* Available data *
* * * *

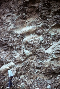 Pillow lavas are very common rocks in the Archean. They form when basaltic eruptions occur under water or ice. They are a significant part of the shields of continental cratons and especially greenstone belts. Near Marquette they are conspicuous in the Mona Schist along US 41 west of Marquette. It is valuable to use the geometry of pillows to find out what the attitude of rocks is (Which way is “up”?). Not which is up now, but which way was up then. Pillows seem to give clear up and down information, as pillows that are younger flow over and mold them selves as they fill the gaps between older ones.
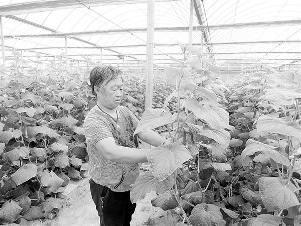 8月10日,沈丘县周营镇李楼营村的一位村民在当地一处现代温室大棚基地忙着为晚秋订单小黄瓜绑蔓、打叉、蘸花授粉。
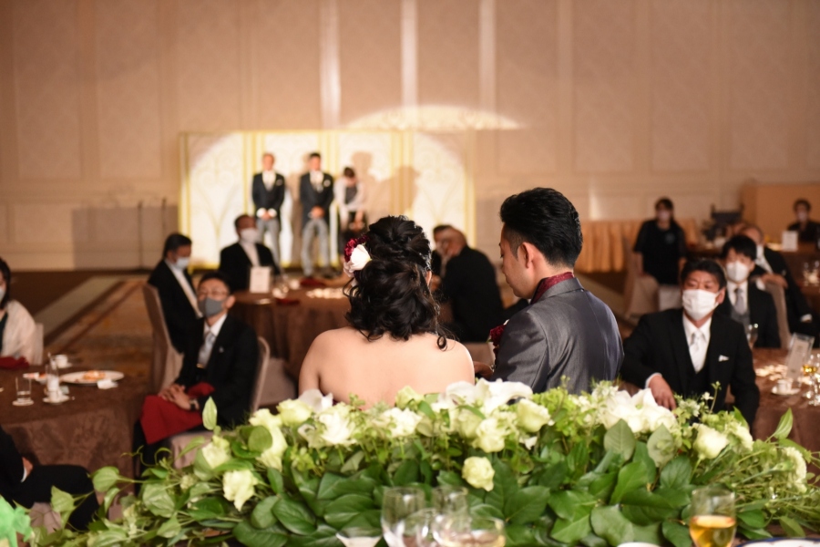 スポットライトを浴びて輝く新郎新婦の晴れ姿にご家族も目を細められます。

* * * *

* The problem *
Once the pictures are set aside, repeat the data above exactly.

* Completed exercise *
 Pillow lavas are very common rocks in the Archean. They form when basaltic eruptions occur under water or ice. They are a significant part of the shields of continental cratons and especially greenstone belts. Near Marquette they are conspicuous in the Mona Schist along US 41 west of Marquette. It is valuable to use the geometry of pillows to find out what the attitude of rocks is (Which way is “up”?). Not which is up now, but which way was up then. Pillows seem to give clear up and down information, as pillows that are younger flow over and mold them selves as they fill the gaps between older ones.
 8月10日,沈丘县周营镇李楼营村的一位村民在当地一处现代温室大棚基地忙着为晚秋订单小黄瓜绑蔓、打叉、蘸花授粉。
 スポットライトを浴びて輝く新郎新婦の晴れ姿にご家族も目を細められます。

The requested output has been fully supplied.